Indian people are fun loving and happy — and often competitive. Families regularly share the evening meal and like many other women, Patel prefers her cooking to that in a restaurant. Her husband also cooks and she jokes that it is one reason she married him.

Food is native to the area in India where they or their family had lived; numerous types of rice and spices are indigenous to specific areas. Various restaurants in the Southside area serve food representative of these different areas in India. For instance, Patel Brothers store on Baymeadows is a well-known business that provides food items for both commercial and home use. The store provides customers with a wide selection of food products, equipment for preparation and serving as well as cultural artifacts.
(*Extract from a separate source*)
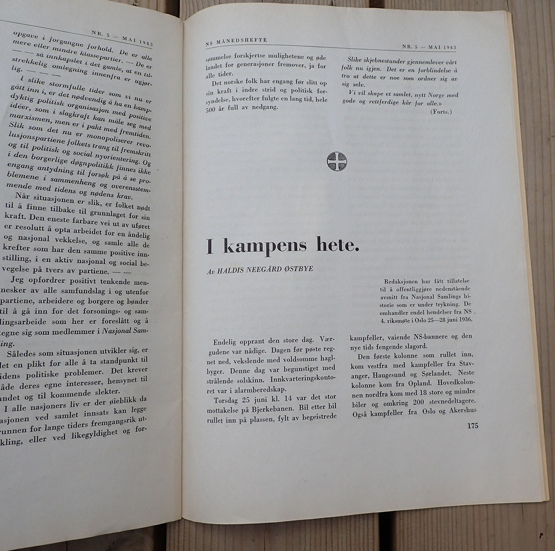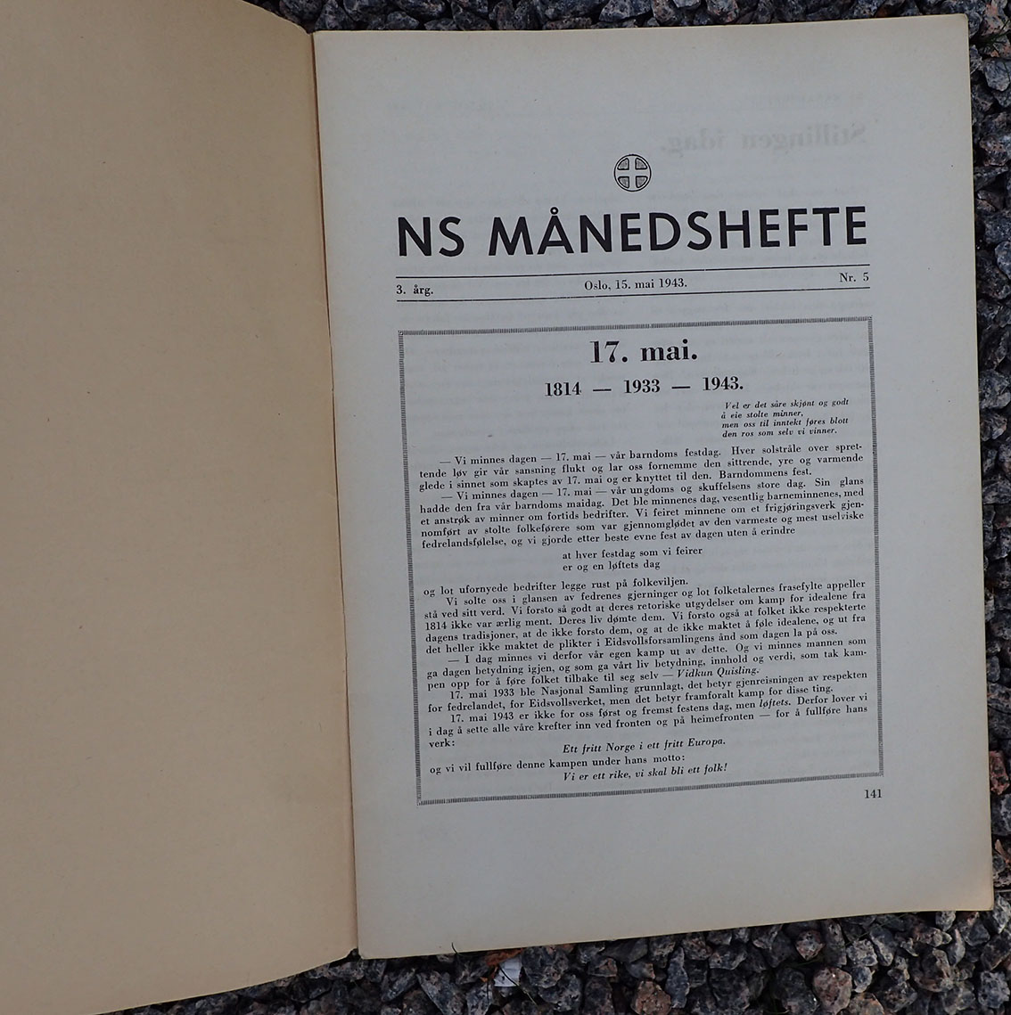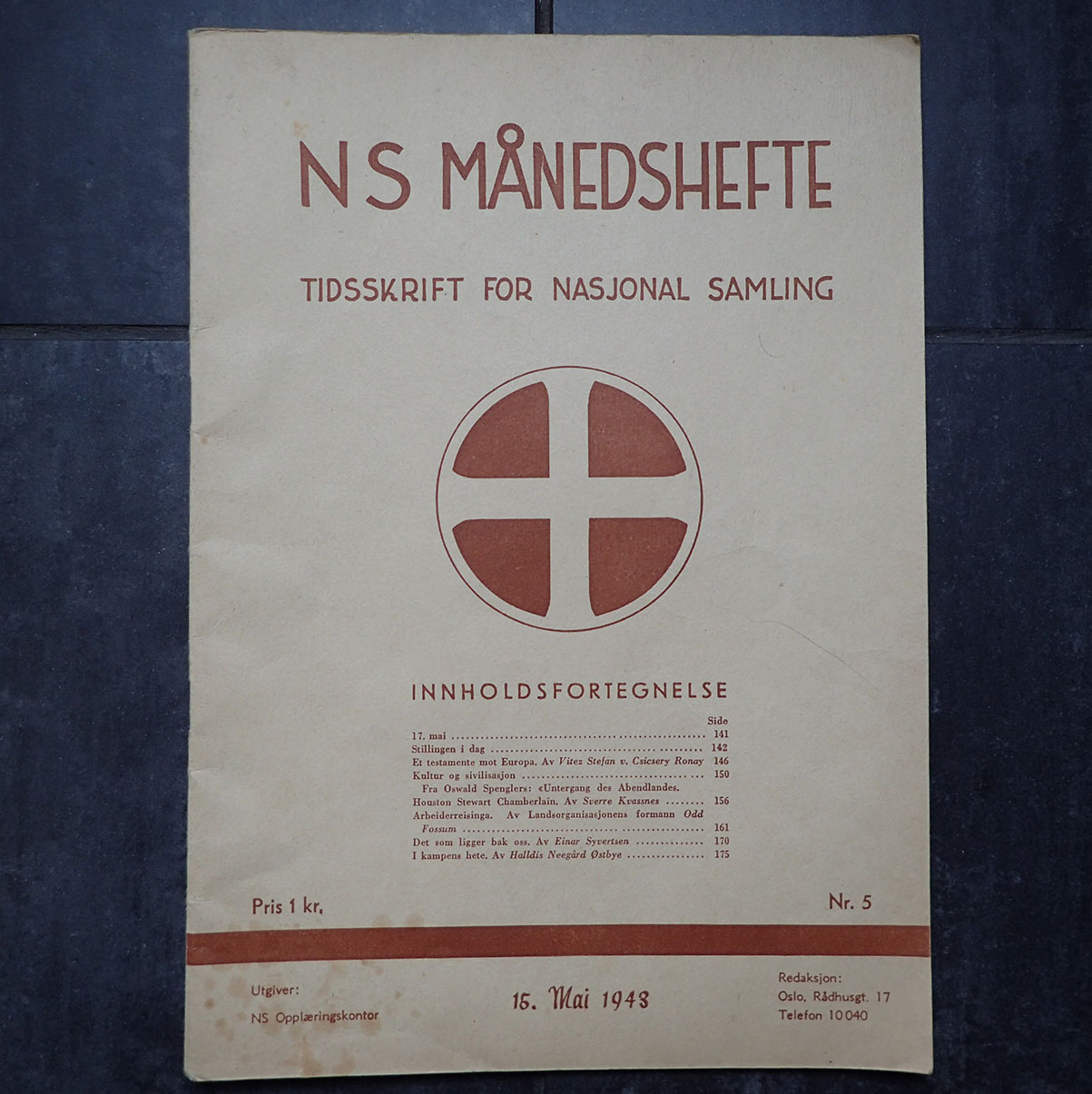NS MÅNEDSHEFTE. 15. Mai 1943. Trykket hos NASJONAL SAMLINGS RIKSTRYKKERI. Med litt stivere permer. Bak stemplet til AKSEL BAARDSETH på Stange.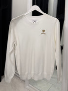 RIBBON BLOUSE with short sleeves and a high collar, round neckline made of fine machine knit with spectacular sewn-in ribbons on the front.

Large quantities and varieties of rice, spices, beans, lentils, tea, and numerous varieties of products are available to meet the diverse cooking needs of customers.

Languages depend on the region lived in India with Hindi being the largest. Religious practices are also diverse: Hindu, Muslim, and Christian are among the most recognized. Organizations such as the Indian Cultural Society or the Hindu Society are important for cultural interactions and the Hindu Temple off Greenland Drive provides a place for meditation and prayer.

Indian people tend to live where other Indian families live. In a neighborhood in Deerwood, seven Indian families live on the same street — yet each speaks a different Indian language, worships differently, and has different food preferences based on a particular region in India.

Indian families integrate into the neighborhoods, community, and city as they continue to honor their culture and influence Southside.